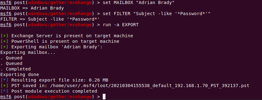 Once the Red Team discovers the email account of a person or people they’re interested in, the EXPORT command pulls data down from the Exchange server in the form of a .pst file.
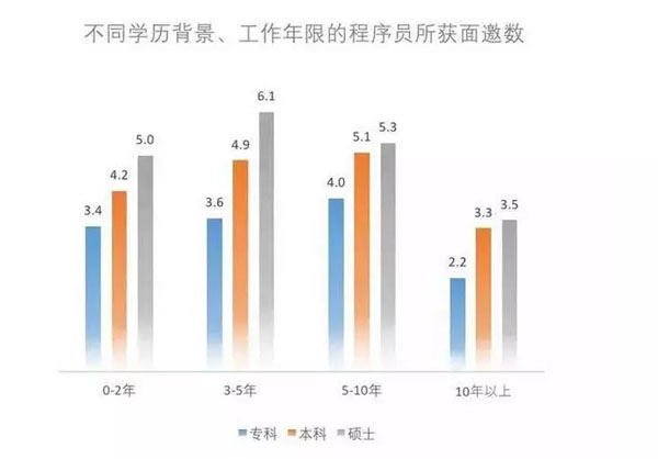 单从面试邀请平均数上来看的话,专科和本科程序员是有区别的。
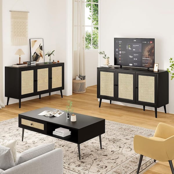 Black 47 in. Display Cabinet with 3 Rattan Doors, Kitchen Storage Cabinet
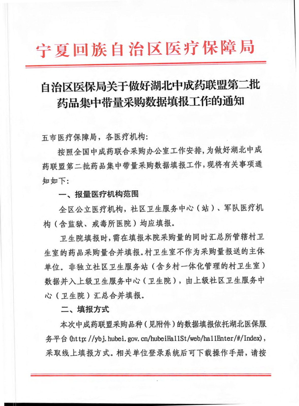 【宁夏】转发《自治区医保局关于做好湖北中成药联盟第二批药品集中带量采购数据填报工作的通知》
——
> _How to complete this task_:
Rewrite the data above exactly as given, but omit the images.

> _Final answer_:
 Once the Red Team discovers the email account of a person or people they’re interested in, the EXPORT command pulls data down from the Exchange server in the form of a .pst file.
 单从面试邀请平均数上来看的话,专科和本科程序员是有区别的。
 Black 47 in. Display Cabinet with 3 Rattan Doors, Kitchen Storage Cabinet
 【宁夏】转发《自治区医保局关于做好湖北中成药联盟第二批药品集中带量采购数据填报工作的通知》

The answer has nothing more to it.